Drako Night chapter 2 . 2/12/2013
very very good better than most people ive read and this one needs to continue
Wolfy3847 chapter 1 . 1/1/2013
Very good. Would love to see this story continued
itisfinished12062015 chapter 2 . 11/10/2012
Wow very interesting. Keep writing.
richard kayser chapter 2 . 11/3/2012
good, both chapters, i am hungry for more. nicely written.
Senshi Sun aka Magic Ink chapter 1 . 9/7/2012
Nice job! It's great to see that not every single Bridge to Terrabithia fanfic ends up with Jesse and Leslie having adorable little Mary-Sue babies.

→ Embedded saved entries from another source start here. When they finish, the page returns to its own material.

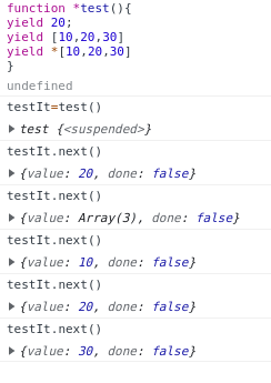 In the given example you can see, we can assign any value to yield which we want back while we are calling the next method. here we have passed a simple array and also passed * with an array, both work differently if we give array with * it consider like bellow.
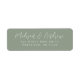 Etiquetas simples de endereço de retorno de casamento com seus nomes em um roteiro branco elegante com um fundo verde sábio. Personalize as etiquetas de endereço de volta do casamento moderno com o seu endereço. Projetado para coordenar com nossa coleção de casamento Simple Script.
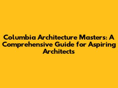 Columbia Architecture Masters: Your Guide
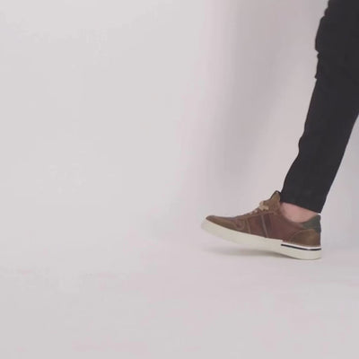 נעלי סניקרס לגברים בעיצוב אלגנטי-ספורטיבי, עשויות שילוב של עור איכותי וזמש ליצירת מראה ייחודי ועמיד. מצוידות ברפידה נשלפת מחומר שעם קל עם ציפוי שפאלט, המעניקה נוחות ואוורור טבעי לאורך כל היום. סניקרס מושלמות לשילוב עם לוק יומיומי או חצי-אלגנטי.
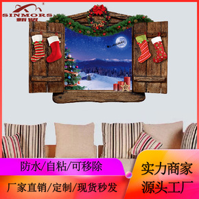 新贸圣诞老人儿童房客厅背景装饰贴画圣诞节派对装饰创...
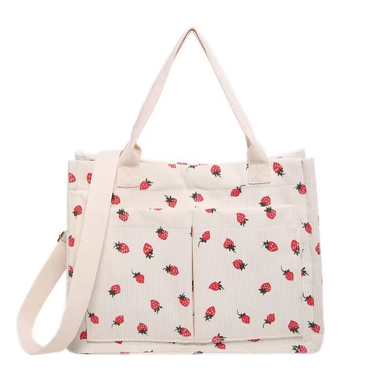 THK0185 Women's Large Capacity Cross-Border Strawberry Printed Handbag Zipper Closure Shoulder Crossbody Shopping Bag
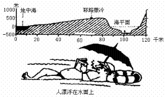 (4) 简要叙述下面两图表示的西亚某湖在理化特征方面的显著特点:(2分)
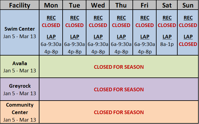 Hours and closure dates are subject to change depending on weather, usage, and staff availability.
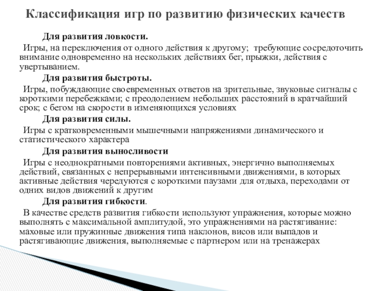 Классификация игр по развитию физических качеств
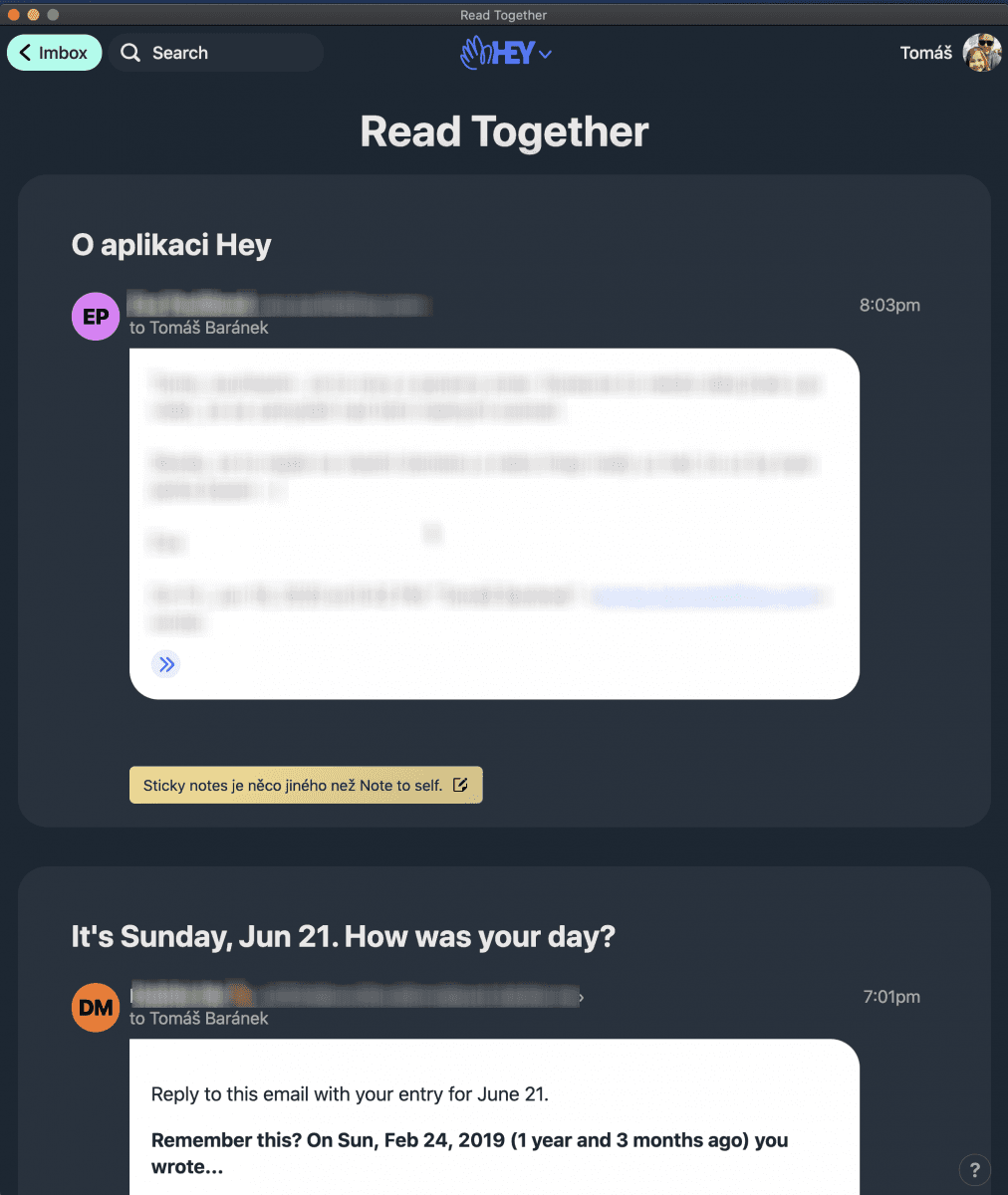 Hey používám asi týden a uvedený radikální přístup Basecampu je na něm znát. Kromě silného ústředního workflow (k němuž se hned dostanu) implementuje i nápady, které už známe z některých e-mailových klientů či služeb – například zaniklého Google Inboxu, SaneBoxu, Canary Mailu, Sparku, Superhuman a dalších. Jako celek se mi Hey líbí; díky renomé zakladatelů cítím potenciál měnit status quo, současně ale vidím i limity tak radikálního přístupu, aspoň v dohledné době.
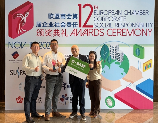 BASF Coatings has been awarded with the Green Impact Pioneer Award at the European Chamber’s 12th corporate social responsibility (CSR) Awards held in Nanjing, China. The ceremony highlighted the unwavering corporate social responsibility across the European business community in China and honors excellence in sustainability across multiple categories.
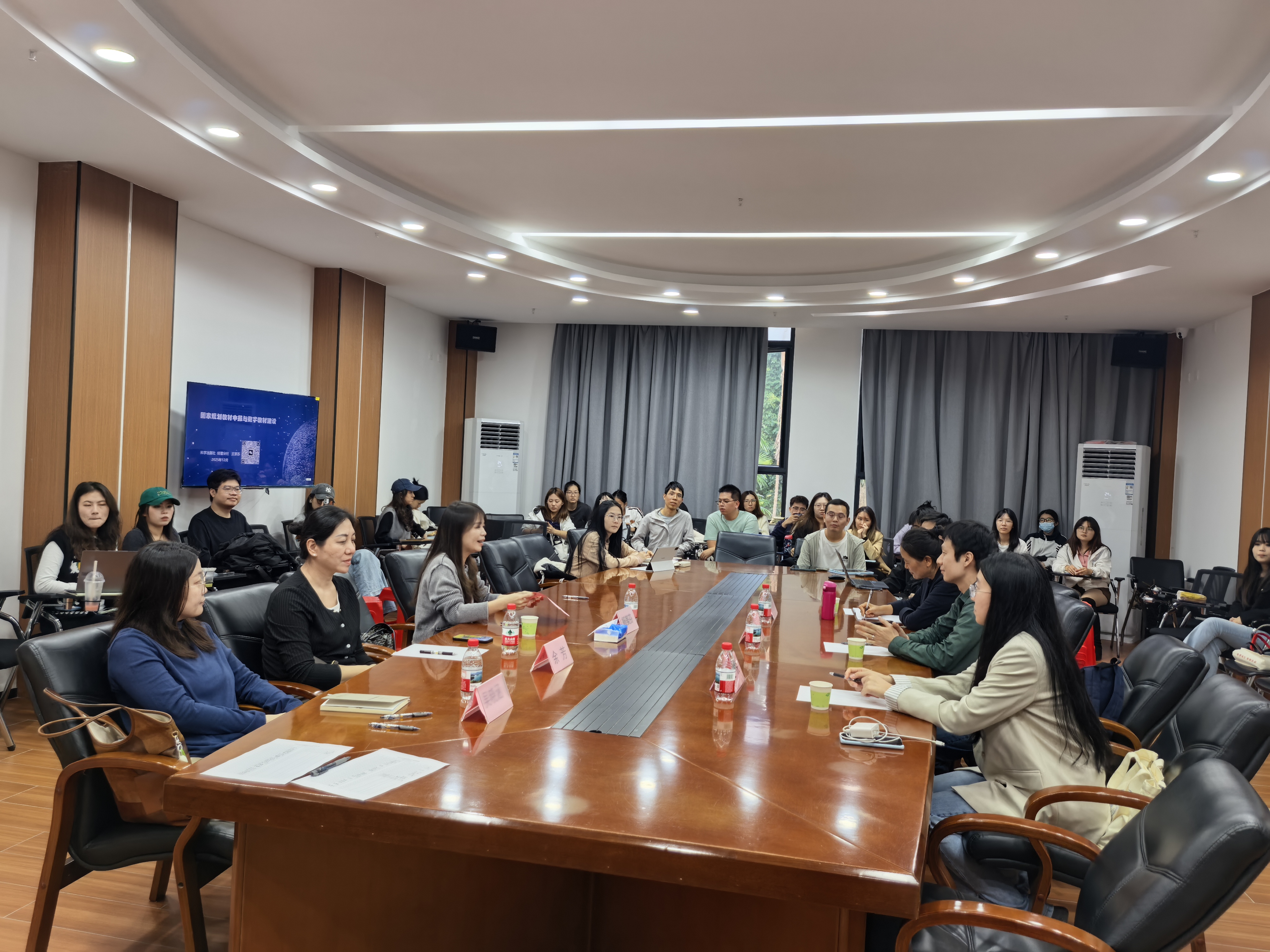 本网讯 为助力教师精准把握国家规划教材申报政策,推动高校数字教材与教学融合创新,12月18日,学院特邀科学出版社经管分社策划编辑、高等教育教材业务负责人、副编审王京苏老师,开展“国家规划教材申报与数字教材建设”专题讲座。学院院长助理兼行政管理系主任杨美芬老师、吴月老师、刘玉蓉老师、余芳老师、吴晓涵老师以及在校研究生参加本次讲座。

This fanfic caught my interest because I wrote a one-shot where Leslie is dead, Jesse is now a grown-up artist, and May Belle is a big character in the story. Don't worry. Our stories go in completely different directions.

Your writing is great. I love how you set up Jesse as being older, but I can't quite tell how old he is. I'm thinking college right now, but feel free to correct me in a later chapter. The story is darker, but has some funny moments. The characters from before seem in character, and the new ones are interesting.

You did ask for corrections, and I think I found one. Bridge to Terrabithia did not take place in Chelyan, West Virginia. It took place in Lark Creek. They never say which state Lark Creek is in, but it's close to Washington, DC. I'm going to guess it's still in Virginia, since that's where the author wrote it and author's generally write settings based on places they've lived in.

You earned yourself another follower. Great job!
Sassmaster Omega 620 chapter 1 . 8/24/2012
Yes! I got the first review! -coughcough

This was really good work; The way that Jesse acted was completely in character although the book I thought Leslie died from jut drowining not a brain injury? Well in any case I still thought this was incredibly good for a first fic (My first fic suked, really, really badly) I enjoyed the opening very much as it caught and held my attention thoughout the whole thing, I also loved your descriptions (palpitating, jaw splitingly, etc.) I was a little confused though, did Jesse paint Leslie's potrait on a sheet or canvas? I wasn't to sure about that, but again really really good work here.